Highlights & Insights

  • Formalizes VPT as a dynamical system control problem for the first time, providing a novel perspective on prompt trajectories.
  • Frequency-domain initialization (MPA) exploits the frequency bias of the backbone for task-aware initialization without extra data.
  • Koopman coupling elegantly solves the bottleneck where shallow layers stagnate and deep layers oscillate.
  • Plug-and-play with zero inference cost: Integrated into 8 different VPT variants with zero modifications to the backbone.
  • Loss landscape analysis: PAE converges to wider, flatter minima; the maximum Hessian eigenvalue and condition number decrease significantly, explaining improved generalization.
  • Grad-CAM Visualization: VPT+PAE focuses on discriminative regions very early (epoch 5), whereas vanilla VPT remains unstable even at epoch 50.

Limitations & Future Work

  • The Koopman operator assumes approximately linear evolution, which may not hold for extremely deep or heterogeneous architectures.
  • While lightweight, MPA still introduces extra preprocessing time (~74s), which could accumulate in continuous learning scenarios.
  • Generalization to more complex tasks like detection or video understanding has not yet been verified.
  • The choice of hyperparameters \(\alpha, \beta\) lacks an adaptive scheme.
  • The theoretical grounding for selecting \(K=256\) is insufficient.
  • Possible synergy with text prompt tuning (e.g., CoOp) remains unexplored.
  • vs.
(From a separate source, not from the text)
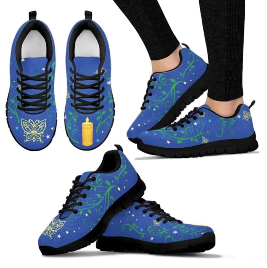 Whether you’re working out or not, everyone needs these stunning sneakers! The bright blue definitely makes a statement everywhere you go! Let the Magic of Forgiveness and Love lead the way with the magic candle and butterfly upon the toes of the shoes. Again, like the sports bra, the black outline against the bright blue really makes the color stand out!

Structural Prompts (VPT/E2VPT): PAE does not change the prompt design but enhances initialization and optimization dynamics; the approaches are complementary.
  • vs. Frequency Prompts (VFPT): While VFPT reweights prompt features in the frequency domain, PAE uses the frequency domain to find task shortcuts for initialization. PAE still provides a +0.94% gain when applied to VFPT.
  • vs. GatePT: GatePT uses gating for adjustment, but CKA analysis shows its prompts remain redundant; PAE achieves better progressive depth differentiation.
  • vs. Full Fine-tuning: Multiple VPT + PAE combinations significantly outperform full fine-tuning on VTAB-1k (e.g., 75.83% vs 68.96%) with less than 1% of the parameters.

Rating

  • Novelty: ⭐⭐⭐⭐ — Highly original framing of VPT optimization through dynamical systems.
  • Overall: High practical value for prompt tuning enhancement, balancing theory and practice.
  • Experimental Thoroughness: ⭐⭐⭐⭐⭐ — Extensive testing across 25 datasets, 8 variants, and 4 architectures.
  • Writing Quality: ⭐⭐⭐⭐ — Clear motivation and derivation, though notation-heavy.
  • Value: ⭐⭐⭐⭐ — A universal, plug-and-play accelerator for the prompt tuning community.